Noi, con Mertens, abbiamo capito 10 anni dopo che avevamo sbagliato il ruolo: non era un laterale ma un centravanti. Io non vorrei che Raspadori non fosse un centravanti: segna davvero poco per esserlo. Magari deve trovare un’altra collocazione, cosa difficile in questo Napoli”.
Cosa ti aspetti dall’imminente partita di campionato contro il Como? Chi può rappresentare un pericolo?
“A me il Como entusiasma: come idea imprenditoriale, come idea tattica, per Fabregas che è stato uno dei miei giocatori preferiti. Credo che il giocatore dal quale guardarsi di più sia Nico Paz, che mi sembra davvero forte e potrebbe essere una delle grandi sorprese di questo campionato.
Il Verona l’ha battuto lui da solo, mettendo Cutrone nella condizione di segnare. Cutrone che, ci tengo a dire, ho preso al Fantacalcio in tempi non sospetti.
Secondo me è la partita più difficile delle prossime, però deve dare a Conte la misura di ciò che si può permettere. Il Napoli deve ricominciare dalle piccole cose, vincendo con le squadre che sono tecnicamente più deboli. Se ci riesce, vuol dire che c’è solidità mentale.
Adesso è primo in solitaria, vincendo potrebbe rimanere tale per 2 settimane durante la pausa Nazionali e psicologicamente è una prova di maturità”.
Chi è la principale contendente per lo scudetto?
“Inter o Juventus. Dovendo sceglierne una la Juventus, perché ha un allenatore più abile, ha fatto un’ottima campagna acquisti e… ha fame, perché è da troppo che non vince trofei importanti. In realtà credo che lo scudetto se lo giocheranno loro, con il Napoli che potrebbe fare il terzo incomodo”.
Tu hai scritto un libro su Diego Armando Maradona, Diegopolitik. Il sottotitolo recita così: “L’ultimo grande leader del ‘900”. Secondo te chi è, se c’è, il “grande leader del 2000”?
“È durissima… (resta in silenzio) Non mi sembra che ci sia un leader. Quel pezzo finale di ‘900 aveva Diego, aveva Lula, aveva Chavez, aveva un continente in subbuglio… Oggi non vedo neanche un continente che possa dire la sua. In quel momento il Sudamerica era quello di ‘Un altro mondo è possibile’.
Io ora vedo un mondo che si sta rattrappendo su sé stesso, come il Gabbiano di Gaber. È molto più grande il terrore di Trump e dei suoi (i vari Bolsonaro, Milei ecc) che dominano il mondo che la speranza di un leader che non vedo da nessuna parte”.

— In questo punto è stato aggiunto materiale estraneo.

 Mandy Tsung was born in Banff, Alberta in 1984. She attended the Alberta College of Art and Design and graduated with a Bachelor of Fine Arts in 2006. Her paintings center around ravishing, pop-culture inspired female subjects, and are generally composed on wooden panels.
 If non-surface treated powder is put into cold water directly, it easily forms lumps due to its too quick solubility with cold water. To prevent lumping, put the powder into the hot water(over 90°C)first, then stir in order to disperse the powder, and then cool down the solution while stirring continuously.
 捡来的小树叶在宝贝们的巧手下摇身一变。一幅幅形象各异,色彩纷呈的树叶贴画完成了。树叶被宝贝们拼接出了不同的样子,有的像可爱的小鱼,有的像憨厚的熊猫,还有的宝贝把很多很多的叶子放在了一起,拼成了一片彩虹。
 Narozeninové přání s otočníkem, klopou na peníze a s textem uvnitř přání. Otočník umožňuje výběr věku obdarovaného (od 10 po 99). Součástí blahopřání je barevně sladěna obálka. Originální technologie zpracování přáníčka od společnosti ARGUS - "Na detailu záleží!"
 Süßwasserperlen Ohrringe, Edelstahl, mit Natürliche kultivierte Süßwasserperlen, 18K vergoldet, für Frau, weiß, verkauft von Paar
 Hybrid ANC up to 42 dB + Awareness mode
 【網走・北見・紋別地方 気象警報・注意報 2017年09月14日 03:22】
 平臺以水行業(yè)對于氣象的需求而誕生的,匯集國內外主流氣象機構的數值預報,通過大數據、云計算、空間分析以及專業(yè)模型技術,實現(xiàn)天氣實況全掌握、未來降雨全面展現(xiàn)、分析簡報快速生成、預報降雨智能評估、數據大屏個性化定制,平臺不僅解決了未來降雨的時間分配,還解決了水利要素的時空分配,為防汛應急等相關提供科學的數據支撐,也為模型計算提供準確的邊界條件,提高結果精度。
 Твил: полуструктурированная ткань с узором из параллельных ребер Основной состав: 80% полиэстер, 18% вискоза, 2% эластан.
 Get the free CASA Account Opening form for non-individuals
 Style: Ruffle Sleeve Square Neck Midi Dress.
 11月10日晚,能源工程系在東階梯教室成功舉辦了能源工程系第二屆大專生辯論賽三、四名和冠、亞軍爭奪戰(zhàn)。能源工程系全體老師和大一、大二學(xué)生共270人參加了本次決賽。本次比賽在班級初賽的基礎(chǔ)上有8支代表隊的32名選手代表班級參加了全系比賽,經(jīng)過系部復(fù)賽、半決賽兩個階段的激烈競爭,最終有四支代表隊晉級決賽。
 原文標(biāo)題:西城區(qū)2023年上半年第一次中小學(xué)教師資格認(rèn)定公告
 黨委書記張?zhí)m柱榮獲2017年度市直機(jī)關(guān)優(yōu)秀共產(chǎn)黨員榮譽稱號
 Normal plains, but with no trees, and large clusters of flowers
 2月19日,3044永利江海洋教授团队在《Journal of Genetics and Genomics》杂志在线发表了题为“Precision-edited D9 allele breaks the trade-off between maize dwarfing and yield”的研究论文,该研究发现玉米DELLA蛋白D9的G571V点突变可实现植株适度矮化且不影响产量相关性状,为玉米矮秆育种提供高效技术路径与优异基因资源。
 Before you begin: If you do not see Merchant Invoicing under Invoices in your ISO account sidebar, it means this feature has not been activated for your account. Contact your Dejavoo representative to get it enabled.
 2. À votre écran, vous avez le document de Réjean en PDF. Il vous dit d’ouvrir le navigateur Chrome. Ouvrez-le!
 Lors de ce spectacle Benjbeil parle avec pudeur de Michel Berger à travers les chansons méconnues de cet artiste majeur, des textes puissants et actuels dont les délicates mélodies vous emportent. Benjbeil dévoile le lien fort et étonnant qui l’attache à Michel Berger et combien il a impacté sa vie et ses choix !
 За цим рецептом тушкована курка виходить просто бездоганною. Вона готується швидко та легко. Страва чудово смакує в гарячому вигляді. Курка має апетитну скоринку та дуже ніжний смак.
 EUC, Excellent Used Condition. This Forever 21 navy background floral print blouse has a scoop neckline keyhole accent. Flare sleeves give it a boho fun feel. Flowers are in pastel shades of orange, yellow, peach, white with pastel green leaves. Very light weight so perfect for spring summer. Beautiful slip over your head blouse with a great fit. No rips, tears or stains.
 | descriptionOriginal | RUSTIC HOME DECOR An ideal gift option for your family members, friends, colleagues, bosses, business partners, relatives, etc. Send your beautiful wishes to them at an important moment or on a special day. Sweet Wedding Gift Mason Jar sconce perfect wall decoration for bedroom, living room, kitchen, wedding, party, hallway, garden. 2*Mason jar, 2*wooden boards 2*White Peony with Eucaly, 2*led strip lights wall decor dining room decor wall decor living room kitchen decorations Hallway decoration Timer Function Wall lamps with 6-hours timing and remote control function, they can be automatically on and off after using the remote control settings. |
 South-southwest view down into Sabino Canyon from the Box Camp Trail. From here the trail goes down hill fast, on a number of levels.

E un leader in ambito calcistico?
“Proprio no. Il calcio è diventato il calcio delle sponsorizzazioni, vedi anche Messi. Non ha più il coraggio di rappresentare qualcosa.
Cercherei in altri sport: non sono dei leader, ma mi piacciono Sinner e Alcaraz per quello che rappresentano come simbolo delle nuove generazioni e per come affrontano lo sport come se fosse non una questione di vita o di morte ma un gioco. Ma niente più di questo, purtroppo”.